> [Problem description]
Only an exact copy is wanted: the lines from the one holding "triangular section. |" through the last line below, minus the pictures.

(Recorded data)

###

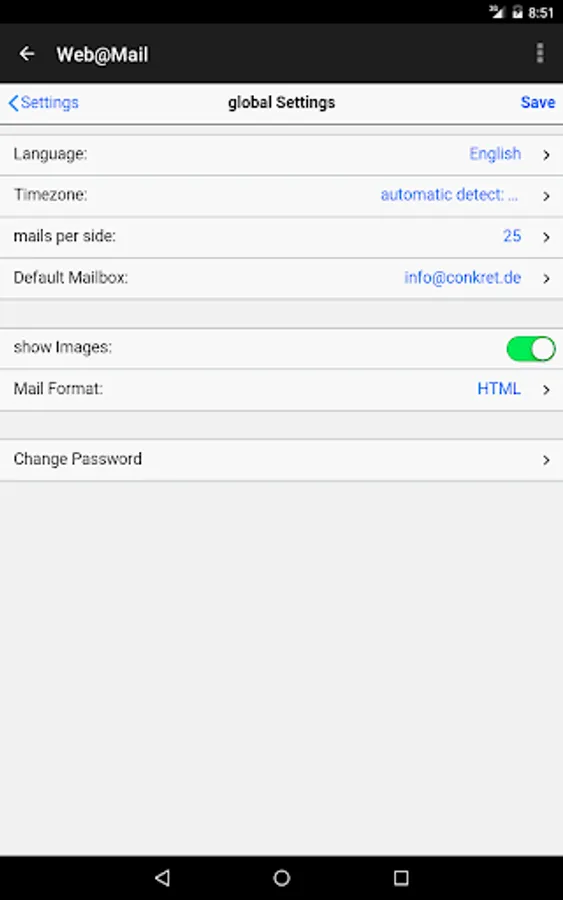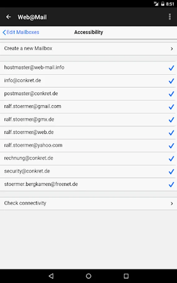 Web@Mail is a web-service with increased security (integrated antivirus and spam-protection) for getting your mail device independently. This is not just another copy of K-9 Mail, but an independent managed webservice - it's a sever-side HTML5-Application for any device.
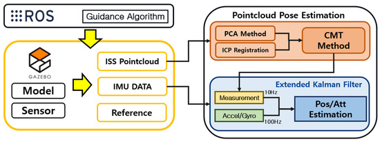 With the increasing interest in performing various missions in space, research on precise mission performance using sensors such as camera and LiDAR has been actively conducted. Unlike the ground environment, the space environment often utilizes prior data about the target of the mission, and it is important to estimate the position and attitude accurately by combining them with the data of the chaser. Therefore, research using various sensors in the space environment [1,2,3,4] is actively being conducted, and recently, research using point cloud data obtained by TOF cameras or LiDAR sensors [5,6] has been developed. Mission performance in the space environment can be categorized into cooperative and non-collaborative mission performance [7], depending on whether the information of the target is utilized in advance.
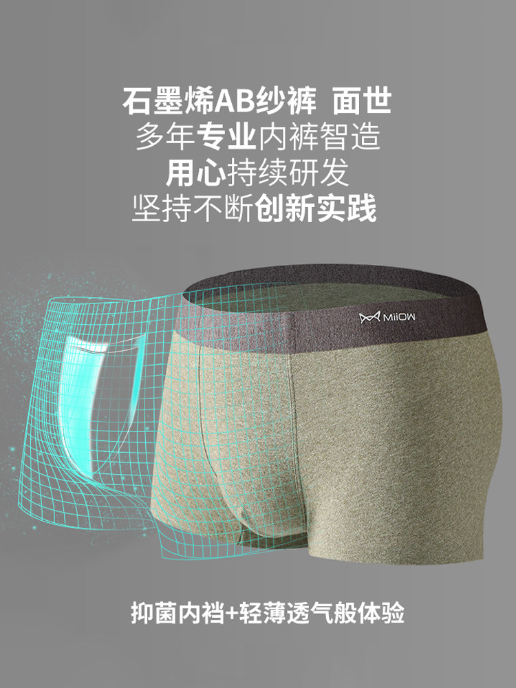 Cat Summer Graphene Antibacterial Men's underwear male pure cotton flat pants breathable quad shorts are large-scale
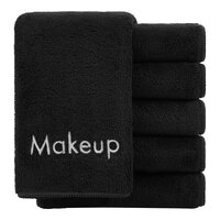 As guests will resort to using any available towel to remove makeup without consideration for the longevity of the towel, having this black makeup towel readily available will help to extend the life of your white towel supply. Your laundry operators will clean them separately from whites, eliminating the staining of white that occurs simply by washing them alongside other towels used for makeup removal. This makeup towel features premium embroidered text that reads "Makeup," making its purpose clear to your guests!
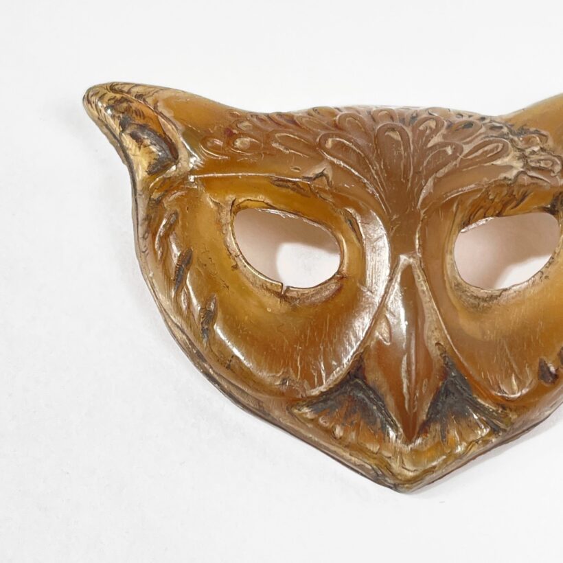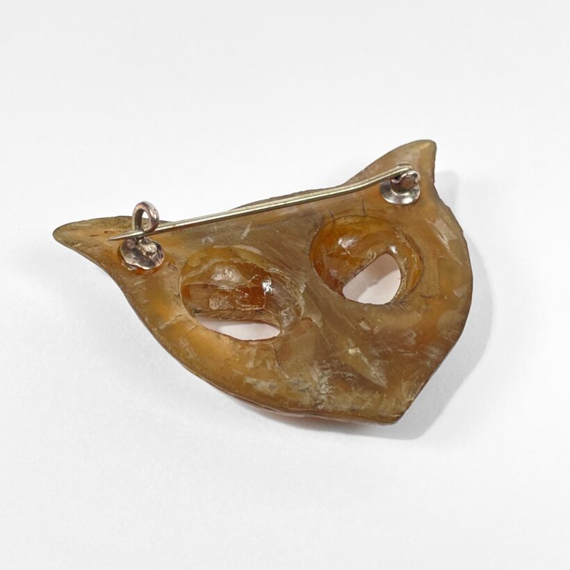 Owl brooch pin of carved horn, c. late nineteenth or early twentieth century. Lovely patina and detail.
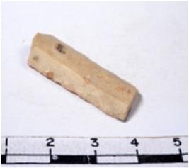 | Description / विवरण | A fragment of a rectangular shaped chert blade showing dorsal sides with sharp edges having smooth surface and triangular section. |
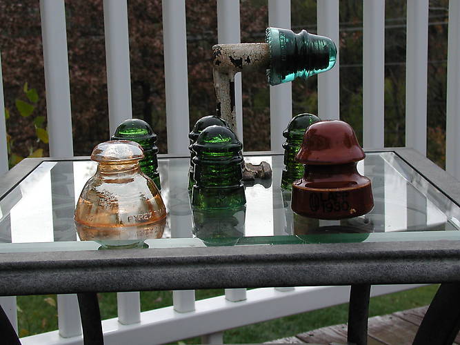 Another view of the recent finds, 4 CD 113's, CD 160, CD 234 (carnival) and Lapp insulators.
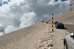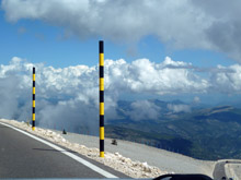 De Mont Ventoux lijkt nu toch wat meer in de zon te komen als we die oprijden. Meer wielrenners dan auto's op de weg. Een rit van 18 km naar boven. Prachtig uitzicht. En de bewolking is ook een foto waard. De top van de Mont Ventoux ligt op 1913 meter hoogte. Op die top bevindt zich een weerstation met een grote zendmast. |
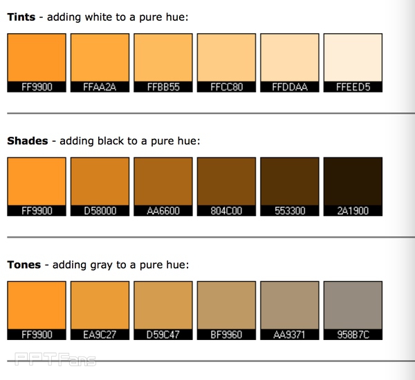 这个好好说下,调过颜料的童鞋们都知道,原有的颜色我们叫做纯色,也就是出现在色轮里面的颜色,它们是在色相上进行横向的变化。然后上面这些小格格们就是纵向的变化啦,也就是驶向“高级”之路。
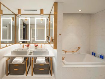 Бронировали люкс за несколько месяцев по хорошей цене - по приезду с утра оказалось, что бронь была отменена за день до заезда то ли Букингом, то ли службой размещения. Пару часов ожидания в подвешенном состоянии подпортили первое впечатление, но отель вывез ситуацию, предложив заселиться в люкс большего размера. Так что считаю инцидент исчерпанным и поставлю это в плюс.
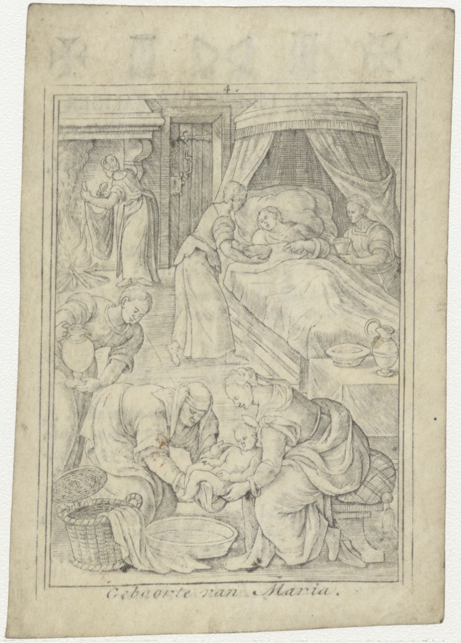 Het leven der Heilige Maagd Maria (serie): 4. Geboorte van Maria, kz. Religieus; bid voor ziel Wijnandus Hermanus van Bogerijen (+1831) kanunnik Utrecht, pastoor H. Ursula Delft
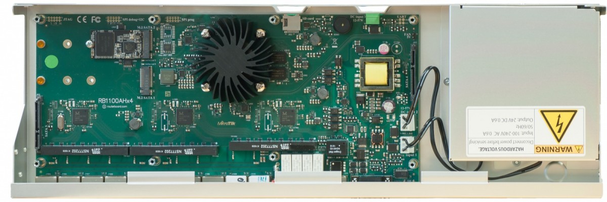 Jednostka jest dostarczana z obudową do montażu w szafie rack 1U, 13 portami Gigabit Ethernet, portem szeregowym RS232 i dwoma redundantnymi zasilaczami. Wersja RB1100AHx4 Dude jest wyposażona w kilka szybkich złączy pamięci masowej (dwa SATA i dwa M.2). Zawiera już zainstalowany dysk M.2 o pojemności 60 GB.
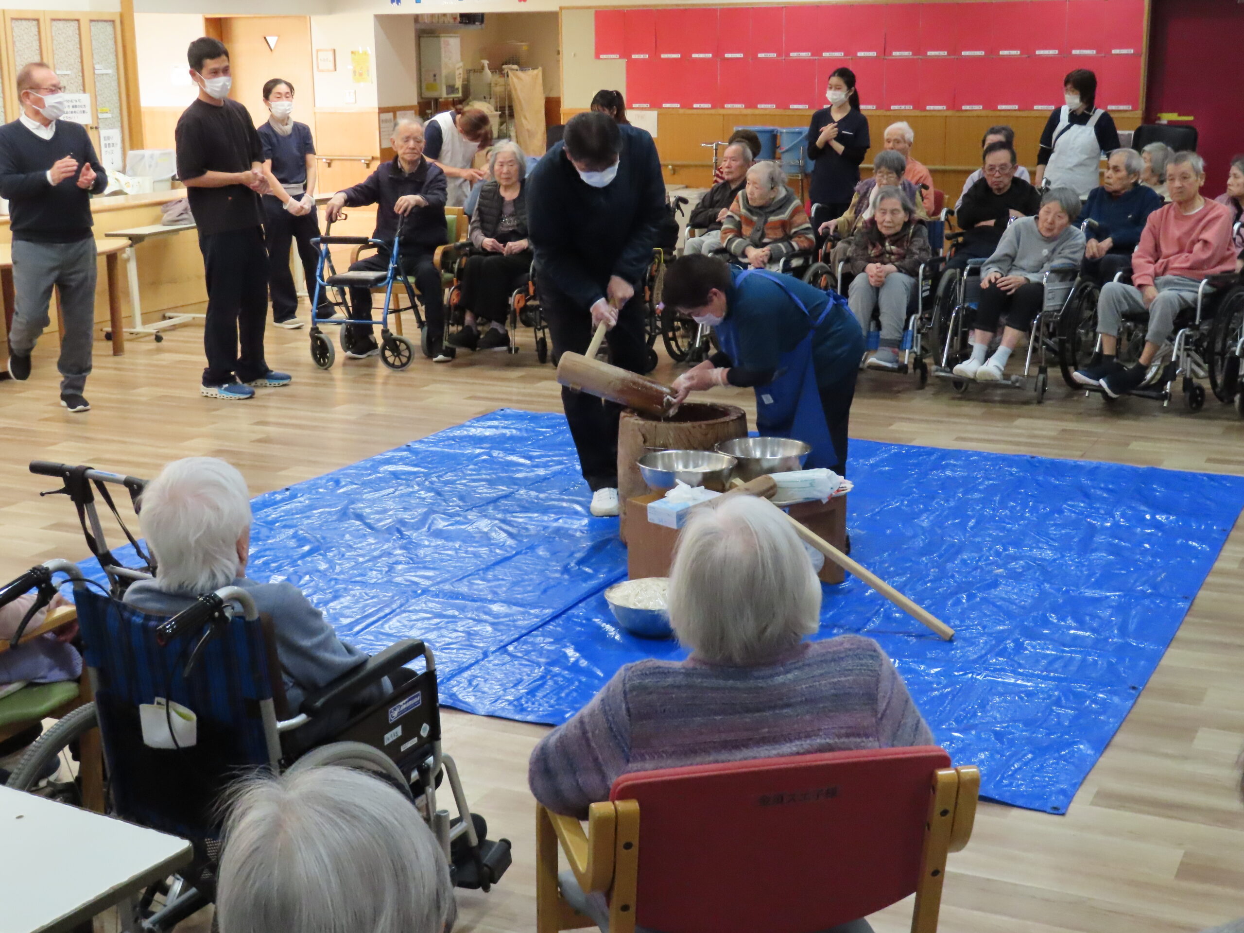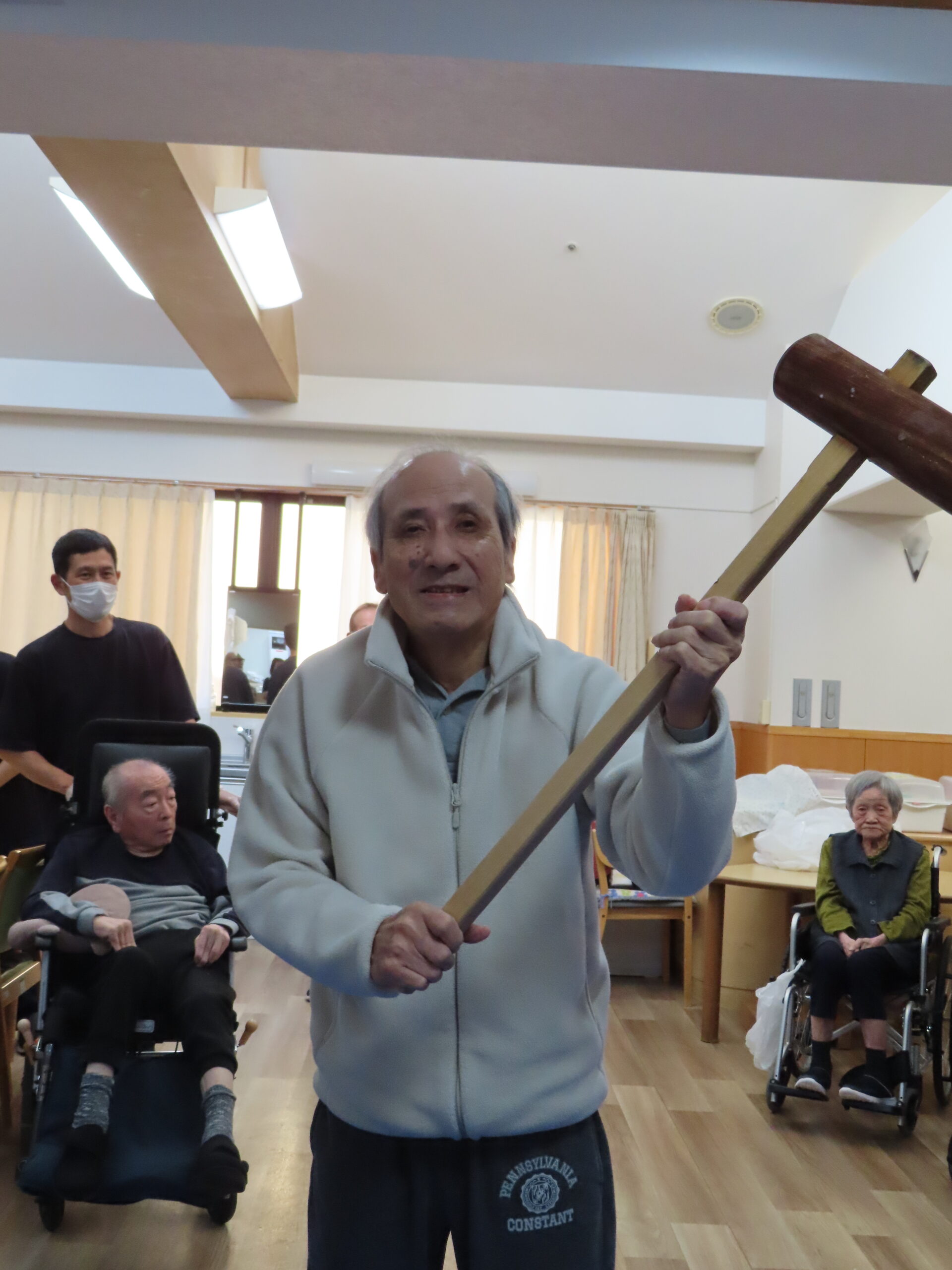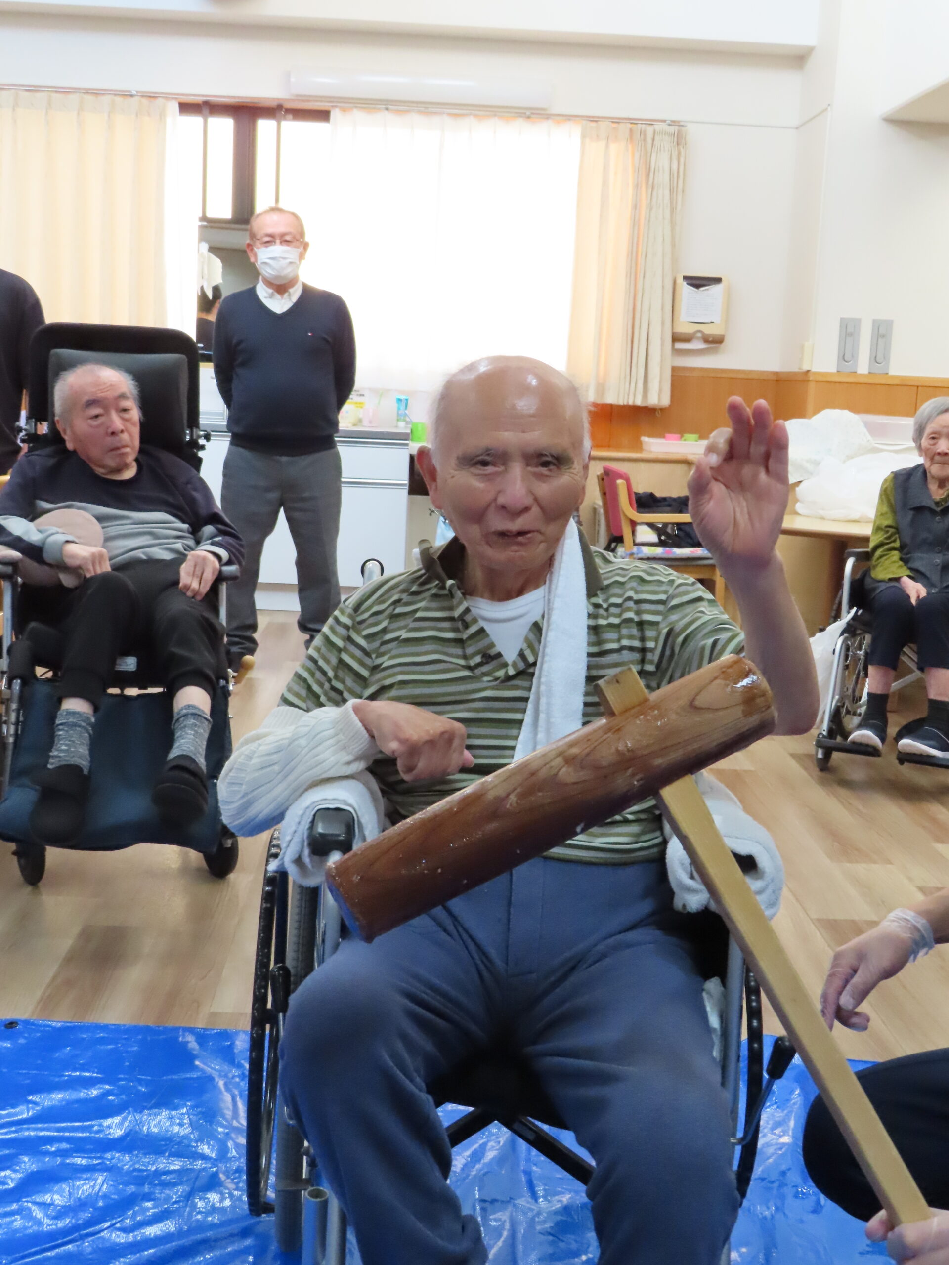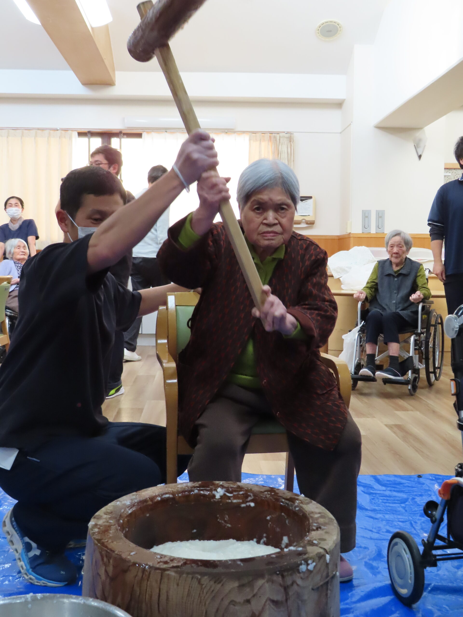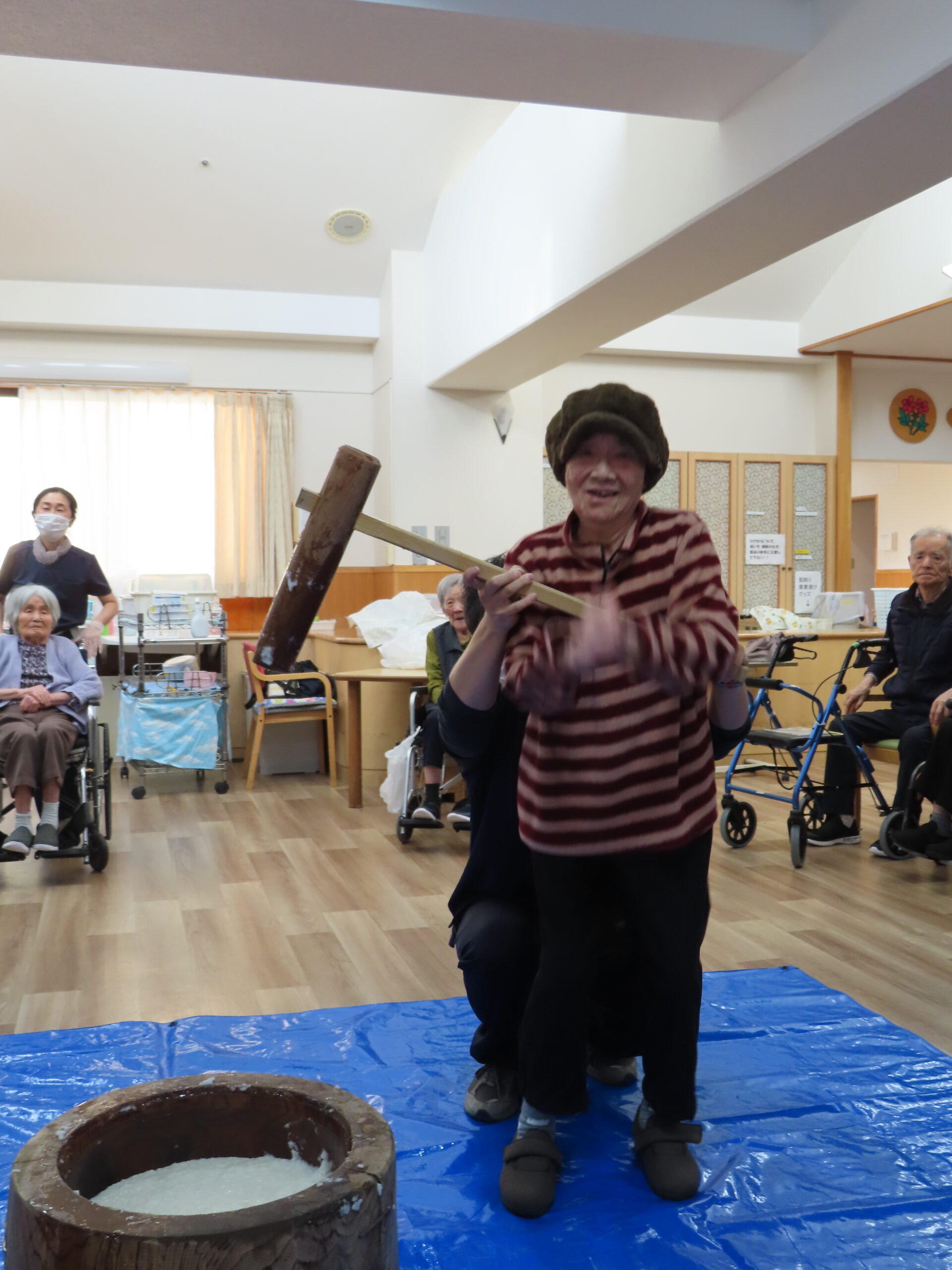 施設長、職員も力強くお餅をついて世代を超えて楽しまれていました😁🎶

###

> [Task result]
 | Description / विवरण | A fragment of a rectangular shaped chert blade showing dorsal sides with sharp edges having smooth surface and triangular section. |
 Another view of the recent finds, 4 CD 113's, CD 160, CD 234 (carnival) and Lapp insulators.
 De Mont Ventoux lijkt nu toch wat meer in de zon te komen als we die oprijden. Meer wielrenners dan auto's op de weg. Een rit van 18 km naar boven. Prachtig uitzicht. En de bewolking is ook een foto waard. De top van de Mont Ventoux ligt op 1913 meter hoogte. Op die top bevindt zich een weerstation met een grote zendmast. |
 这个好好说下,调过颜料的童鞋们都知道,原有的颜色我们叫做纯色,也就是出现在色轮里面的颜色,它们是在色相上进行横向的变化。然后上面这些小格格们就是纵向的变化啦,也就是驶向“高级”之路。
 Бронировали люкс за несколько месяцев по хорошей цене - по приезду с утра оказалось, что бронь была отменена за день до заезда то ли Букингом, то ли службой размещения. Пару часов ожидания в подвешенном состоянии подпортили первое впечатление, но отель вывез ситуацию, предложив заселиться в люкс большего размера. Так что считаю инцидент исчерпанным и поставлю это в плюс.
 Het leven der Heilige Maagd Maria (serie): 4. Geboorte van Maria, kz. Religieus; bid voor ziel Wijnandus Hermanus van Bogerijen (+1831) kanunnik Utrecht, pastoor H. Ursula Delft
 Jednostka jest dostarczana z obudową do montażu w szafie rack 1U, 13 portami Gigabit Ethernet, portem szeregowym RS232 i dwoma redundantnymi zasilaczami. Wersja RB1100AHx4 Dude jest wyposażona w kilka szybkich złączy pamięci masowej (dwa SATA i dwa M.2). Zawiera już zainstalowany dysk M.2 o pojemności 60 GB.
 施設長、職員も力強くお餅をついて世代を超えて楽しまれていました😁🎶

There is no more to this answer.